In re Prospect Leasing Co.

250 F. 707 | 2d Cir. | 1918

ROGERS, Circuit Judge.

This cause had its origin in the course of a proceeding in bankruptcy, and grows out of an order made by the District Judge denying a petition to review an order of the referee in bankruptcy which expunged the claim of the appellant in the sum of $5,500 and interest. It appears that Mary Meyer, the appellant, holds three promissory notes, made by one Kaufman to her order, all of which are dated September 29, 1914. Two of the notes are for $2,000 each, and the third is for $1,500. Each of the notes was indorsed: “Prospect Leasing Co., by Gustave Kaufman, President. H. A. Mark, Secy. Florence B. Kaufman.” And the question presented is whether these notes constitute a claim against the Prospect Leasing Com*708pany, the bankrupt herein. The trustee objected to the allowance of the claim.

The referee in bankruptcy filed a memorandum sustaining the trustee’s objections in-which he states that:

“It appears these notes were given to the claimant on account of the purchase by Kaufman of her [Mrs. Meyer’s! stock in the bankrupt, which had been engaged in the business of conducting the Hotel St. Andrew, in the city of New York.”

He also says:

“It would appear that the transaction in which the notes were given was a personal one between the claimant and Kaufman, and that there was no consideration moving to the bankrupt corporation, and its act in making these indorsements was entirely without its corporate powers.”

He thereupon entered an order disallowing and expunging the claim. When the matter came up in tire District Court the referee’s report was confirmed, the District Judge simply stating that he was satisfied that the conclusions of the referee were right.

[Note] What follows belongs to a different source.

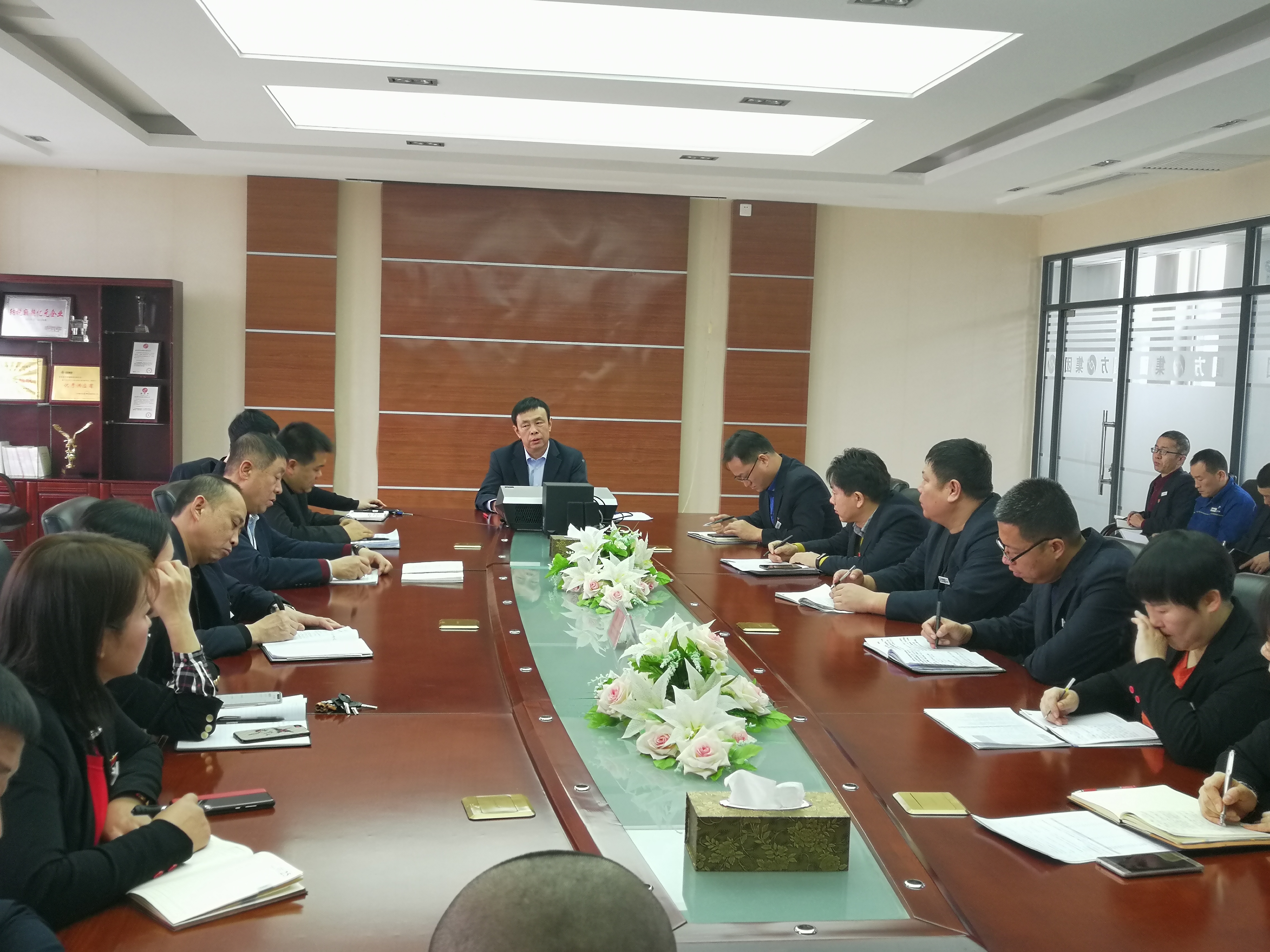 新年伊始,圓方逐夢發展再出發。1 月6 日上午,元旦佳節剛過,董事長鐘景旭參加了今年公司第一次生產調度會議。會上,對公司全年工作進行全面部署,明確了發展方向。強調指出,當前圓方已經進入轉型升級發展新時期,站上了新的經營目標臺階,面臨著新的歷史發展機遇,全體干部要居安思危、未雨綢繆、戰略謀劃今年及未來的工作。以“用國際化視野做強做大圓方”統領公司一切工作。緊緊抓住市場機遇,加快發展自己,做強做大自己??繄A方實力,堅定的在激烈市場競爭中穩定前行。會議由總經理張學良主持,全體中層以上管理干部參加會議。

[ 1 ] It is necessary to look at the facts which led up to the execution and indorsement of the notes which are the basis of the appellant’s claim against the bankrupt. At the time the Prospect Leasing Company was organized the claimant, Mrs. Meyer, and her husband and the Kaufmans became stockholders therein. Mrs. Meyer took 24 shares of the stock, and her husband took one and became the secretary of the corporation. He and the Kaufmans managed the affairs of the corporation, and Meyer was co-manager of its hotel, the Hotel St. Andrew, in which capacity he was to be paid a salary of $100 a week.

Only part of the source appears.